### Task statement
The result should be an exact copy of only the lines from the one holding "Chì kẻ viền" through the last line of the data below, please, without pictures.
◆ ◆ ◆ ◆ ◆
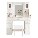 Beaucoup d'espace de rangement : c'est la combinaison parfaite d'une coiffeuse et d'une armoire à bijoux avec 6 tiroirs et 4 portes dans lesquelles les cosmétiques et les parfums peuvent être placés et rangés soigneusement.
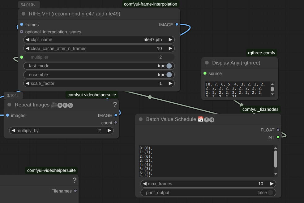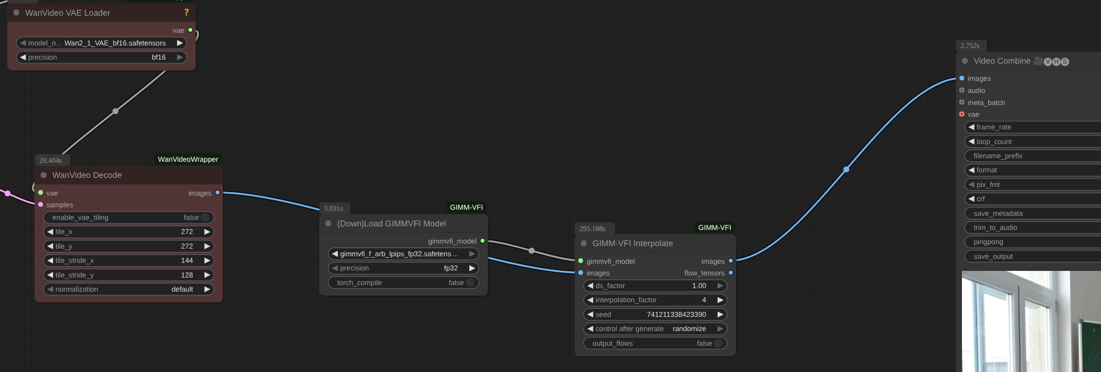 >>1286549 >>1286582 Вся интерполяция идет не от видео, а от кадров. На workflow ее ставят перед сборкой видео - пока на выходе после рендера еще отдельные кадры, так что ничего руками брать не надо - просто скармливается выход WAN рендера после vae decode - там пока еще только куча картинок а не видео. Интерполяция достраивает кадры между ними. И только потом все собирается в видео.
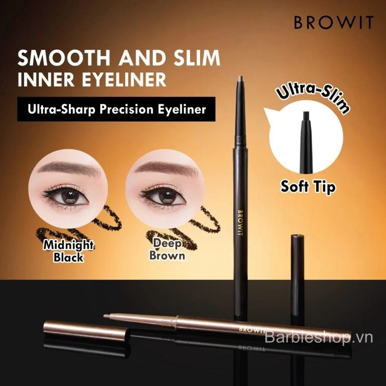 Chì kẻ viền mắt trong Browit Smooth And Slim Inner Eyeliner có dạng Sáp là sản phẩm chì kẻ mắt đến từ thương hiệu mỹ phẩm Browit nổi tiếng của Thái Lan. Với thiết kế dạng sáp với đầu bút nhỏ chỉ 2 mm thao tác dễ dàng, đường kẻ sắc nét, đậm màu và có khả năng không thấm nước, mồ hôi cao. Sản phẩm được đồng sáng tạo bởi NongChat – một chuyên gia trang điểm hàng đầu tại Thái Lan.
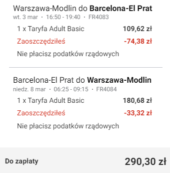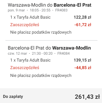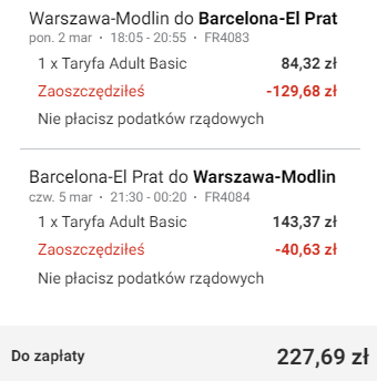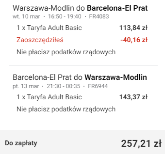 Warszawa Modlin – Barcelona (BCN) od ~228 PLN* RT:
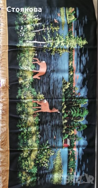 Ковьор 70х140 см. рисуван с елен, сърна, върху черен вълнен плат → Обява 35517232
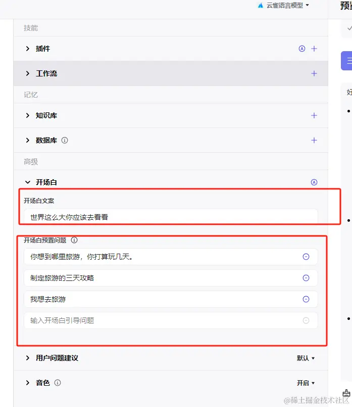 在中间部分你可以输入开场白和开场白的预置问题,这个根据你模型的需要自己设置即可。
◆ ◆ ◆ ◆ ◆
### Completed task
 Chì kẻ viền mắt trong Browit Smooth And Slim Inner Eyeliner có dạng Sáp là sản phẩm chì kẻ mắt đến từ thương hiệu mỹ phẩm Browit nổi tiếng của Thái Lan. Với thiết kế dạng sáp với đầu bút nhỏ chỉ 2 mm thao tác dễ dàng, đường kẻ sắc nét, đậm màu và có khả năng không thấm nước, mồ hôi cao. Sản phẩm được đồng sáng tạo bởi NongChat – một chuyên gia trang điểm hàng đầu tại Thái Lan.
 Warszawa Modlin – Barcelona (BCN) od ~228 PLN* RT:
 Ковьор 70х140 см. рисуван с елен, сърна, върху черен вълнен плат → Обява 35517232
 在中间部分你可以输入开场白和开场白的预置问题,这个根据你模型的需要自己设置即可。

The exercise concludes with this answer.